TEMPO.CO, Jakarta - Presiden Joko Widodo meminta Jaksa Agung Muhammad Prasetyo menyelesaikan kasus HAM masa lalu. Hal itu disampaikan Jokowi ketika memimpin rapat terbatas soal hukum dan hak asasi manusia. "Kepada Jaksa Agung, saya meminta tuntaskan warisan HAM masa lalu sehingga tidak jadi masalah untuk kita semua," ujarnya di kantor Presiden, Selasa, 5 Januari 2015.
Menurut Jokowi, ada hal yang harus dilakukan dan diputuskan terkait dengan penyelesaian hal tersebut. Jokowi juga meminta Menteri Koordinator Politik, Hukum, dan Keamanan Luhut Binsar Pandjaitan untuk memimpin koordinasi hal itu.
Selama ini, pemerintah dinilai lamban dalam menyelesaikan kasus HAM masa lalu. Padahal Komnas HAM telah merekomendasikan delapan kasus pelanggaran HAM berat yang harus ditindaklanjuti. Namun pemerintah lebih condong ingin menyelesaikan kasus HAM dengan jalan rekonsiliasi.
Selain membahas kasus HAM masa lalu, Jokowi berterima kasih kepada Badan Intelijen Negara dan Tentara Nasional Indonesia, yang telah berhasil memboyong Din Minimi.

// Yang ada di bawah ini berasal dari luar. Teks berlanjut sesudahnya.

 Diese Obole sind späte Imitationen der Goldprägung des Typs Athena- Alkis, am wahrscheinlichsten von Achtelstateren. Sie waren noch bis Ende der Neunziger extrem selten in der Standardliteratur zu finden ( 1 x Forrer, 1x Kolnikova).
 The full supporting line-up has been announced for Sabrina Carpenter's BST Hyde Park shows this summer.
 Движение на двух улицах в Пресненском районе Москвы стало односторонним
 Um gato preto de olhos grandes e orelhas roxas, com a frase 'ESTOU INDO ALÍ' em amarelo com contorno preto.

Jokowi memastikan Din akan menerima amnesti. "Kita harapkan bisa berlanjut di Papua dan Poso," tuturnya.
Jokowi mengatakan pemerintah memprioritaskan penggunaan pendekatan lunak dan keras untuk menjaga keamanan, termasuk dalam menghadapi radikalisme dan terorisme, serta menyelesaikan kasus-kasus HAM. "Kita bisa menggunakan pendekatan keamanan, pendekatan hukum yang tegas, tapi kita juga mengedepankan pendekatan dialogis," katnya.

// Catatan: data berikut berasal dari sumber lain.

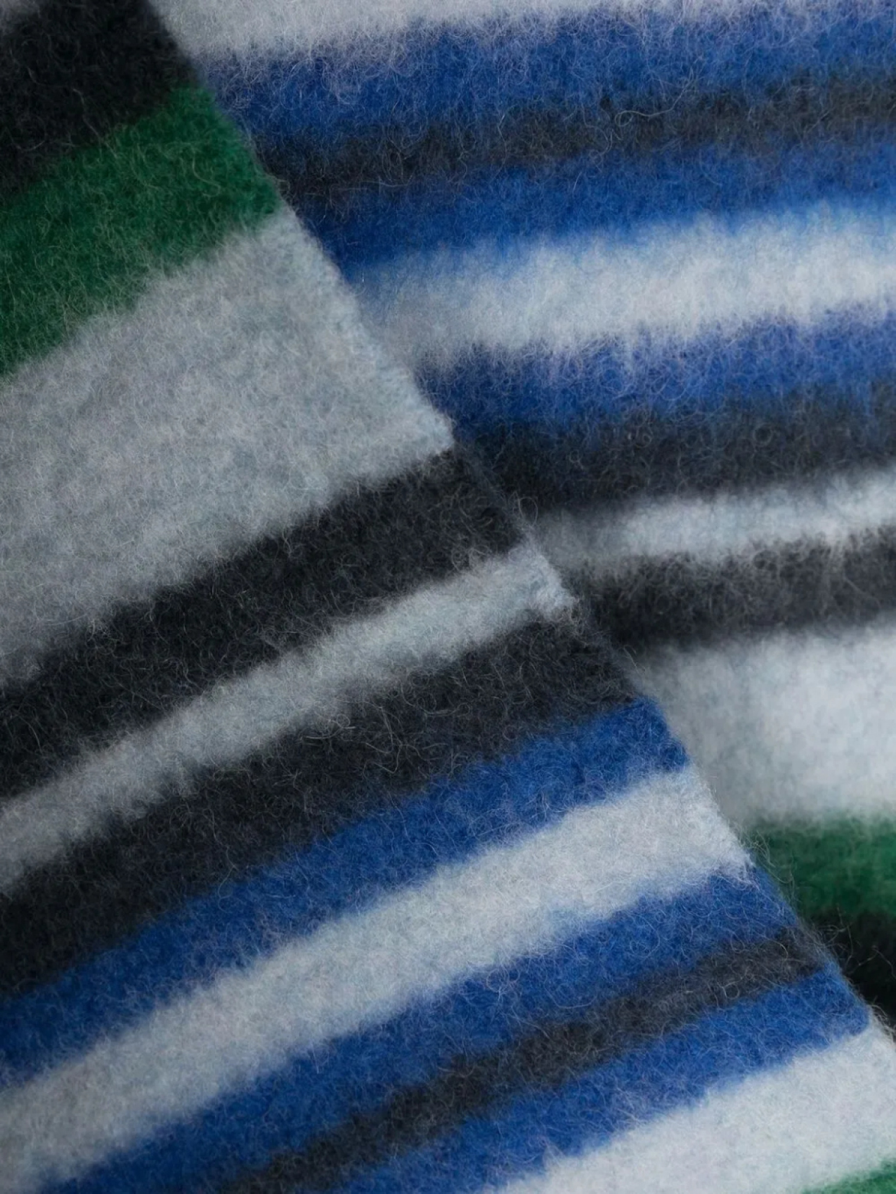 Зеленый, черный, смесовая шерсть альпаки, трикотажный материал, матовый эффект, принт в стиле колор-блок, нашивка с логотипом спереди и края с бахромой.
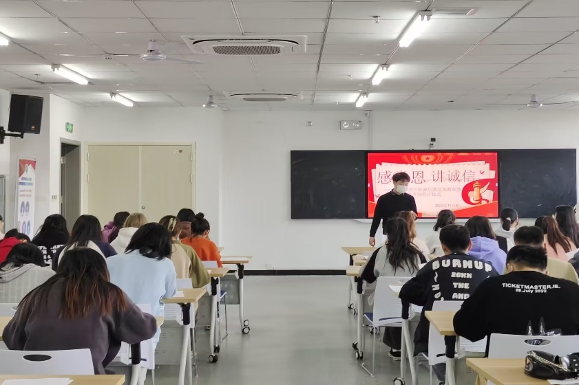 为进一步提高学生诚信意识,增强资助育人成效,使学生真正理解诚信教育的重要性以及“信用财富”的意义,促进国家助学贷款工作的顺利开展,同时引导学生树立诚实守信的价值观和科学理性的消费观,工商管理学院于11月5日组织学院申请高校助学贷款的学生举办签约仪式,签订贷款合同。
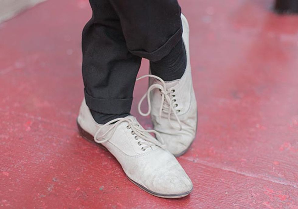 Sammy Davis Jr.: American Apparel shirt; H&M tie, jacket and pants; Vintage tie clip, purchased at Wasteland; Black patent shoes from Zara; Haircut from Bonnie at Hair on Hyde.
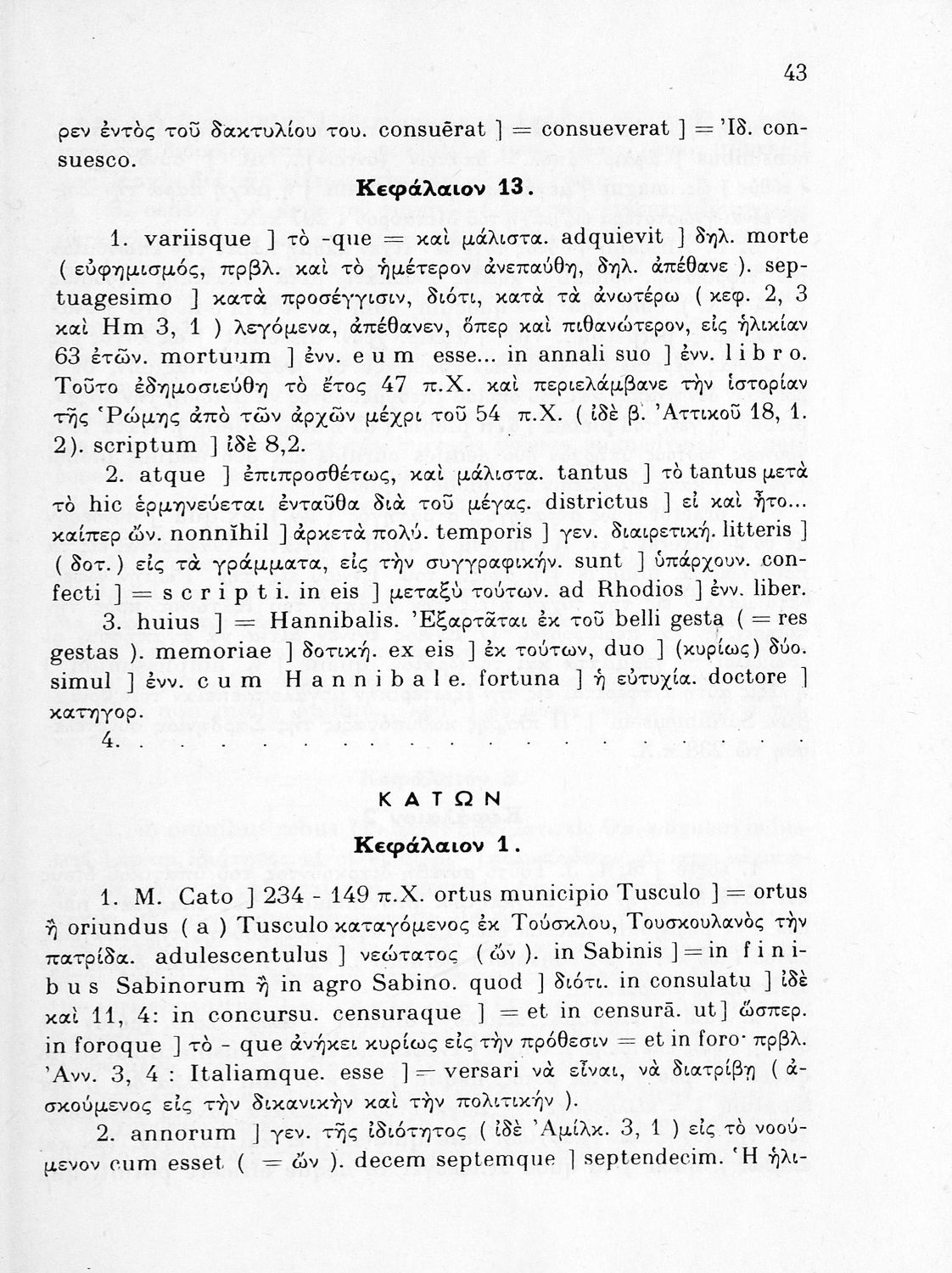 Σχολικό εγχειρίδιο Λατινικών Ε΄ Γυμνασίου που περιέχει σύντομο βιογραφικό σημείωμα του Νέπωτα, αποσπάσματα από τα έργα Αμίλκας, Αννίβας, Κάτων και Αττικός, ιστορικό και γεωγραφικό πίνακα και λεξιλόγιο. Ο συγγραφέας ήταν ακαδημαϊκός και ομότιμος καθηγητής της Λατινικής Φιλολογίας στο Πανεπιστήμιο Αθηνών. Φέρει το σύμβολο της δικτατορίας.
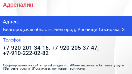 Адреналин по адресу Белгородская область, Белгород, Урочище Сосновка, 3 в дальнейшем Организация, размещена в следующих категориях:
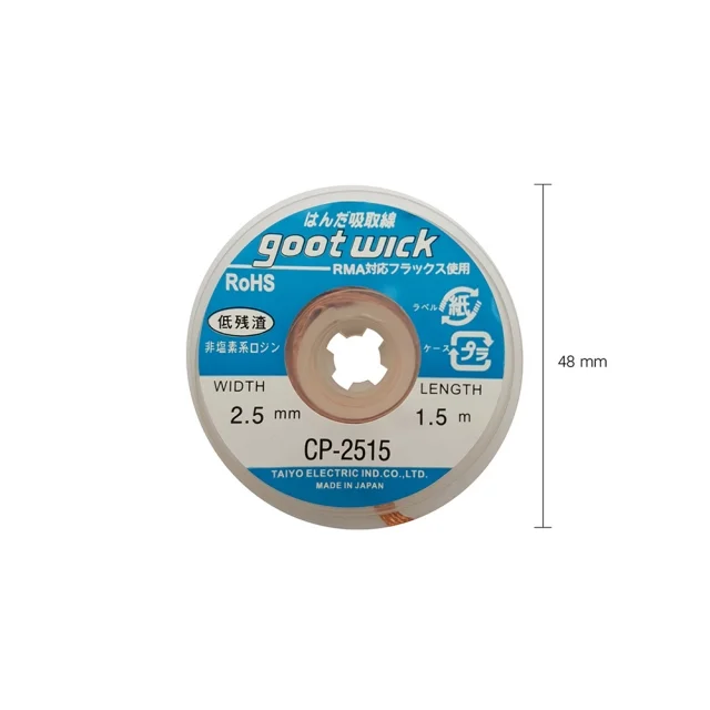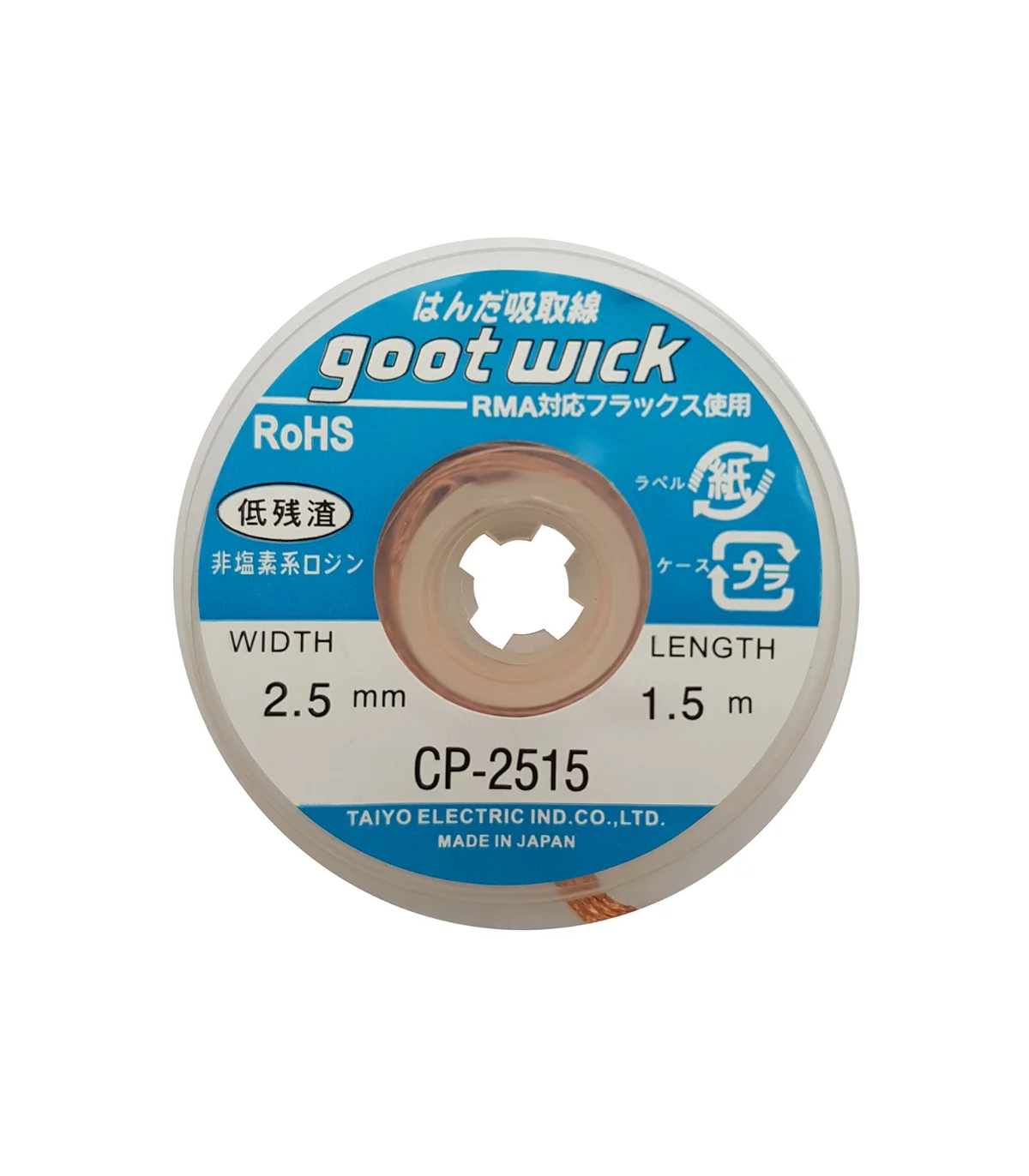 سیم قلع کش حلقه ای GOOT WICK مدل CP-2515 برای برداشتن قلع های اضافی از روی برد الکترونیکی می باشد.

Kemarin, Sekretaris Kabinet Pramono Anung mengatakan penyelesaian kasus hak asasi manusia menjadi salah satu hal yang diutamakan Presiden Jokowi. Model penyelesaian HAM, kata Pram, dilakukan seperti penyelesaian Gerakan Aceh Merdeka, yang sesuai dengan Keputusan Presiden Nomor 22 Tahun 2005.
Pendekatan halus menjadi pilihan utama Jokowi dalam menyelesaikan konflik HAM. Adapun Keppres tersebut berisi pemberian amnesti umum dan abolisi kepada setiap orang yang terlibat dalam Gerakan Aceh Merdeka. "Nanti akan diterapkan di berbagai daerah," ujarnya.
Namun, apabila tak bisa dilakukan pendekatan yang halus karena berbeda paham dan ada keinginan mendirikan negara di luar NKRI, kata Pram, pemerintah akan melakukan pendekatan keras.